If you are using strong, continuous leg-squeezing to keep your horse loping, you are getting in his way. Gripping and squeezing with the legs will make your body rigid, unable to move with the horse, and the horse's natural (and sensible) reaction will be to jog instead. The solution for this is to return to a single ask-and-wait policy, or a cue-and-relax one. ASK the horse to lope, then wait and allow him to do what you've asked. If he doesn't respond, ask again in the same way, don't change your upright, balanced position, and reinforce your cue with a single whack from a loud "popper" somewhere behind the saddle. By constantly squeezing, you not only make it difficult for the horse to lope at all, you remove his reason for doing it. Look at the situation from the horse's point of view: he's been taught to respons to cues, so he understands that you'll give a cue, he will do whatever it is (if he can, and if it doesn't hurt), and then you will take away the cue to say "Yes, thank you Horse, that was what I wanted." From your horse's point of view, you don't want a lope -- if that was what you wanted, you would stop asking when he began to do it, so the fact that you are still asking him for SOMETHING means that the something you wanted couldn't have been the lope -- but he doesn't know what you DO want. At this point, 99 out of 100 horses will either jog or buck in sheer frustration.

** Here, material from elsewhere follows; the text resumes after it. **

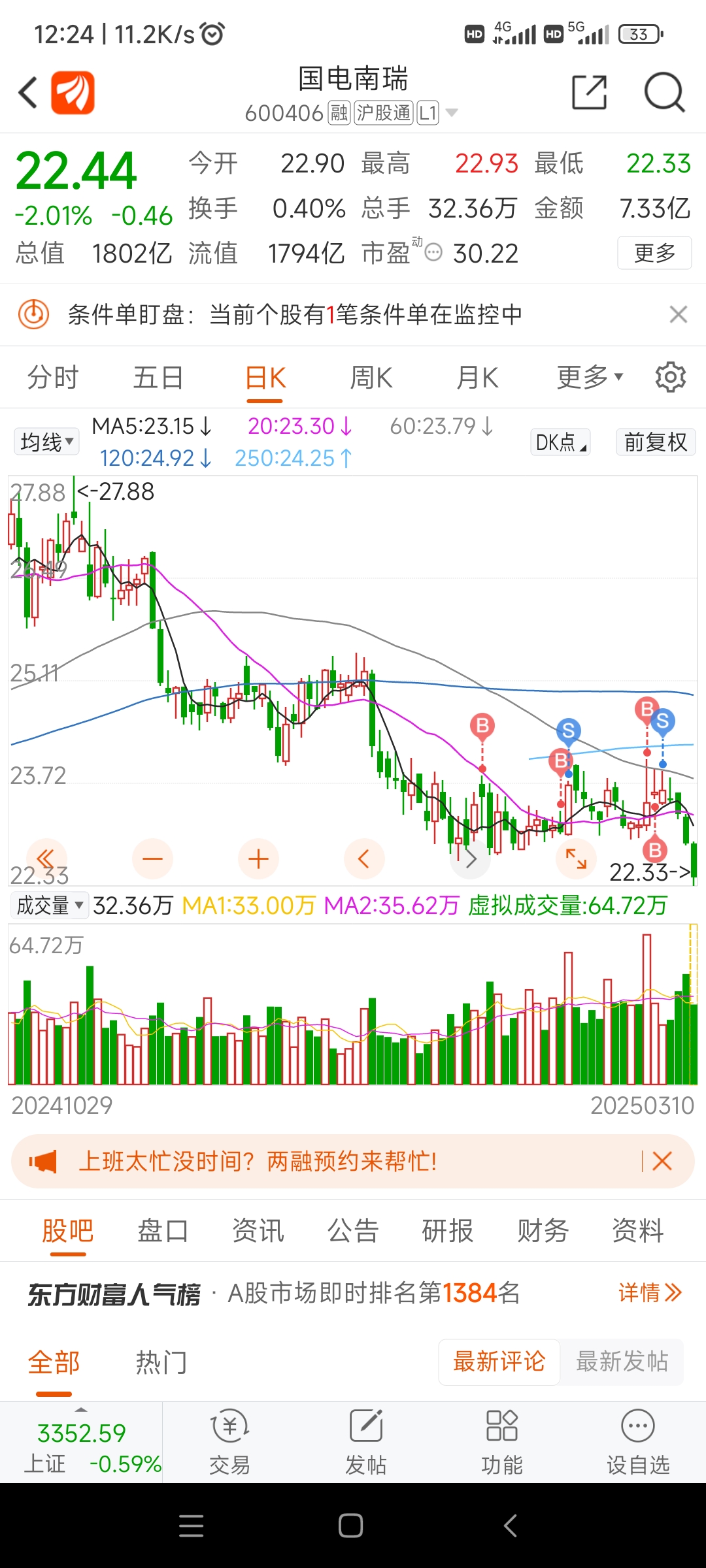 $国电南瑞(SH600406)$ 这里不要接,要么跌到20再考虑轻仓试一手,要么等大阳线反包到回到平台再加仓干。这里不上不下无依无凭接飞刀而已。今天这些伸手的多头,再跌两天就要哇哇叫了
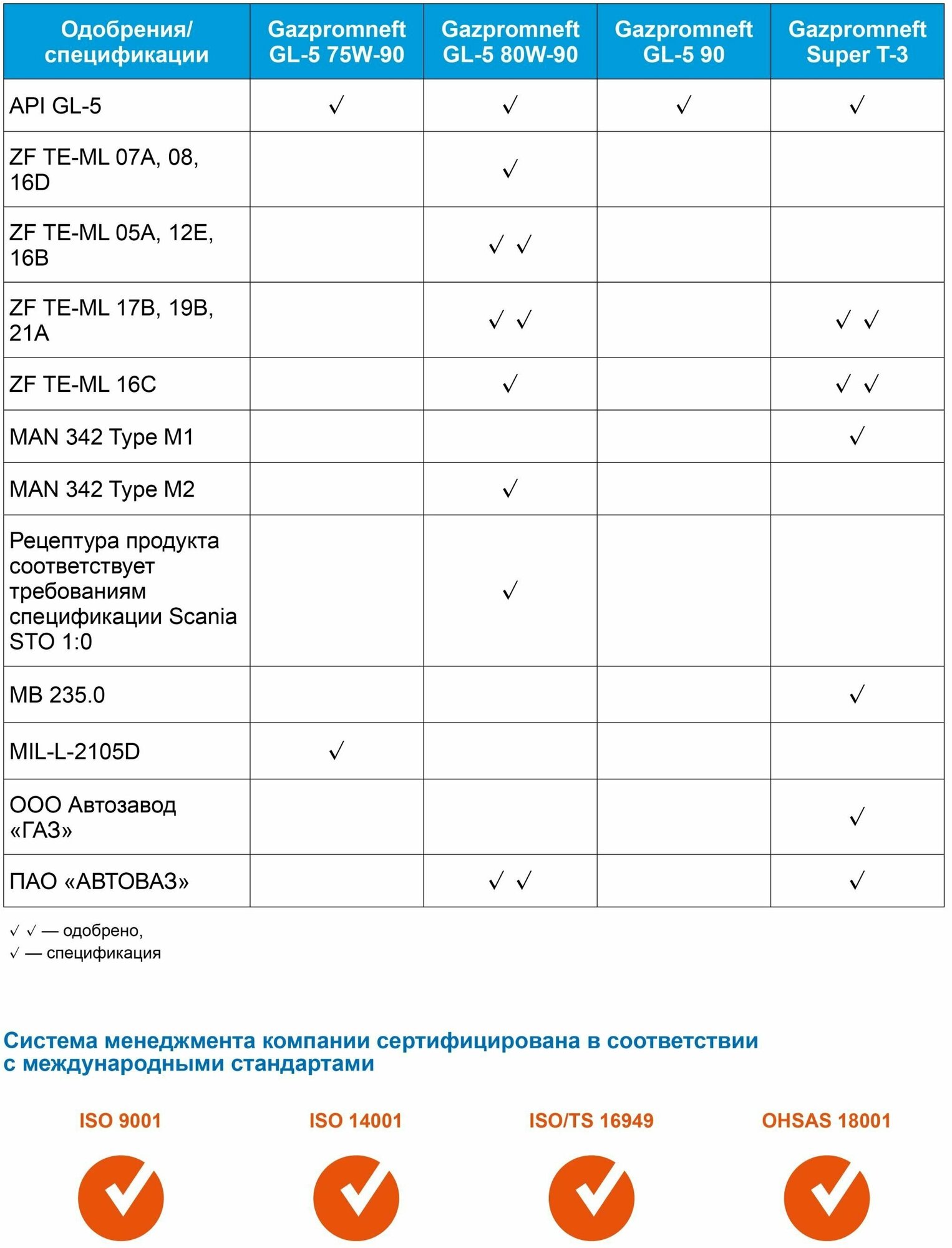 Масло Транмиссионное 1 Л, Gazpromneft Gl-5 80W-90 80W-90/ Gl-5 Mb 235.0 Man 342 Typ M2 Zf Te-Ml 16B, 17B, 19B, 21A 1 Л, G...

One more possibility: if you are apprehensive about loping, and worry that the horse will buck as you ask for the lope, you probably lean or curl your body forward whilst bringing your rein hand back toward your stomach, thus tightening your reins instead of loosening them. This tells the horse "DON'T LOPE -- BUT DO SOMETHING NOW!!!!" Since you clearly want him to do SOMETHING, he'll buck once (a natural reaction to being sent forward and held back simultaneously), then go into a fast trot (a natural reaction to being told to go forward but without the freedom to reach with his head and neck, as he needs to do at the lope.

With your instructor watching you, practice asking for the lope quietly, cue-and-relax, then cue-and-pop-and-relax if he doesn't respond to cue-and-relax. When you ask, sit up straight and push your rein hand FORWARD to give him more rein. Don't worry -- holding the rein tightly will cause, not prevent, a buck. You need to tell the horse "I'd like you to lope, that is lope NOW, and I'm setting it up to make it very easy for you." If he does throw in that single buck, you'll ride it better if you're sitting tall. ;-)

Once you get the lope, sit up, let your lower back just move softly with the saddle, keep your rein hand forward, and TALK to the horse. Tell him what he's doing and what a good boy he is for doing it. Horses have to know when they've done what we want, or they'll just do something else and then something else again, until we let them know that they've done what we wanted.

Maybe some of this applies to you and your horse -- maybe not. But if you're sure that the horse is sound and has no back bruising, iand if you can be certain that the tack isn't a factor, and that the ONLY variable in the picture is the particular human in the saddle, then these are the most likely, common problems and their solutions.

Good luck, and let me know what happens.